The methodology consists of two steps. The first step creates a table of legally binding requirements related to the technology under examination—in our case, the Solid protocol. This table makes references to certification schemes and codes of conduct, which are texts that offer some specificity in view of the abstract GDPR requirements. In that regard, the documents that have been used as guidance in view of the abstract requirements of GDPR are the EU Cloud Code of Conduct (EU Cloud) [
8], the Data Protection Code of Conduct for Cloud Infrastructure Service Providers (CISPE) [
9], and the GDPR-CARPA certification scheme [
10]. These texts are not legally binding, but they have been approved by the competent DPAs. In view of this, the first step of our research extracts GDPR obligations from these documents that have received authoritative approval.
The second step discusses, for each requirement collected in the first step, the extent to which Solid technically fulfils it. The discussion focuses on the concrete technological choices made in the protocol; their relation with international standards from ISO, NIST, etc.; critical analyses from contemporary literature in the field, etc.; and, of course, the pros and cons of possible mitigation measures to better address GDPR legal requirements.
Such a coverage analysis could also include jurisprudence; however, in the case of Solid, this jurisprudence is not yet available because the protocol is still an emerging technology not yet consolidated in the market.

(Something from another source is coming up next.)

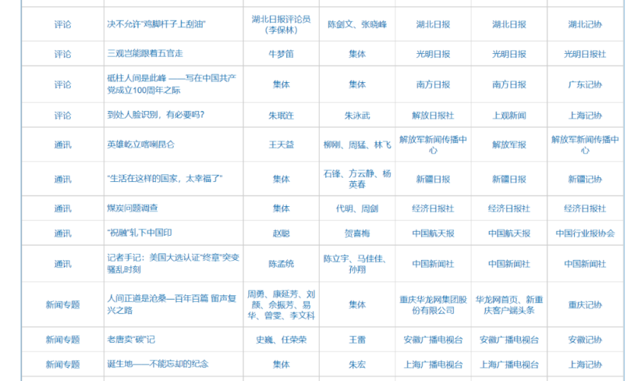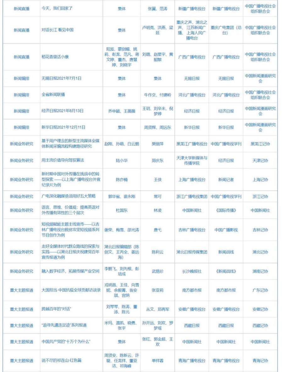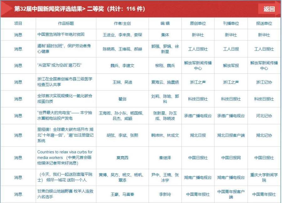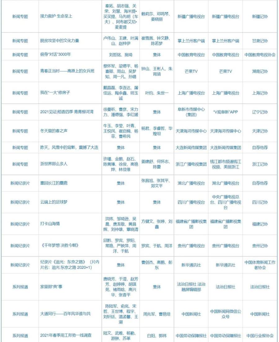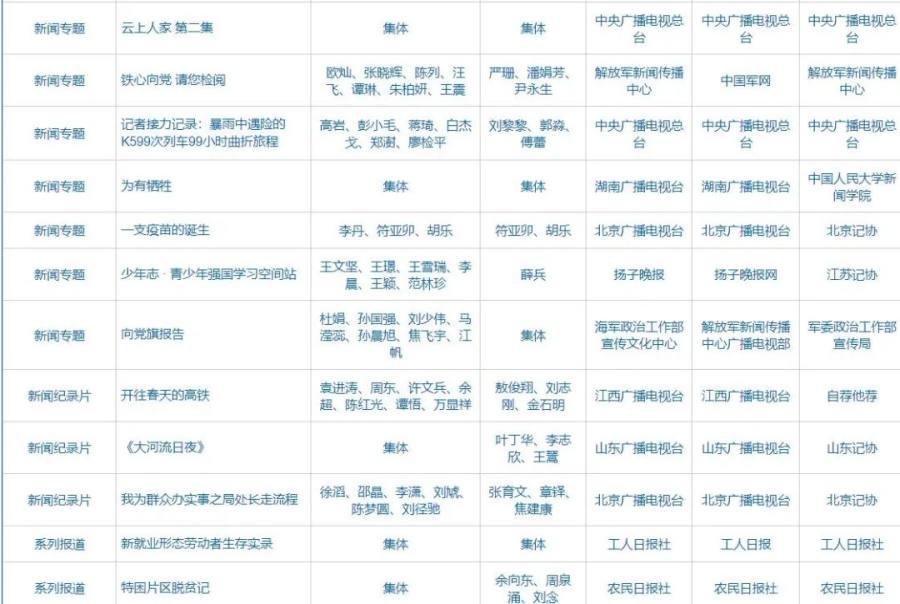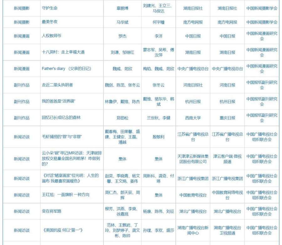 第32届中国新闻奖、第17届长江韬奋奖评选结果公示

The key contributions of this paper are as follows:
The identification of a class of Solid-based systems where the data subject is the owner of a Solid pod, and the app or app user is involved in processing activities. We argue why this is the priority scenario where GDPR applies to Solid.
A mapping, between the actors in the Solid ecosystem and concepts in GDPR, drawing attention to the different controllers and their obligations in this distributed system. This mapping is used to extract requirements from GDPR that are grounded in officially approved documents.
A substantial real-world Solid-based case study to which our mapping and requirements apply, demonstrating that our analysis is of a practical nature.
A detailed technical security and privacy analysis of the requirements above, in relation to the draft specifications that define the Solid ecosystem at the time of writing. Existing measures to address the requirements in the Solid specifications and ISO standards are discussed.
The above analysis is used to support the case for novel emerging measures proposed by the authors and in related work. Those measures address security and privacy concerns in the specification at the time of writing, and suggest how to enhance Solid as a tool for facilitating GDPR compliance of actors participating in the Solid ecosystem.
Outline. The paper is structured as follows.
Section 2 provides an overview of the current technical status of the Solid ecosystem, and explains why the scope of this work is restricted to scenarios where pods are used to store personal data about the owner of the pod.
Section 3 maps actors in the Solid ecosystem to roles in GDPR and extracts primary requirements from GDPR and related officially approved documents relevant to Solid, and notably,
Section 3.2 describes a real-life case study involving personal health data and Solid in which our mappings are relevant, and indeed required, in order to justify that such systems are GDPR compliant.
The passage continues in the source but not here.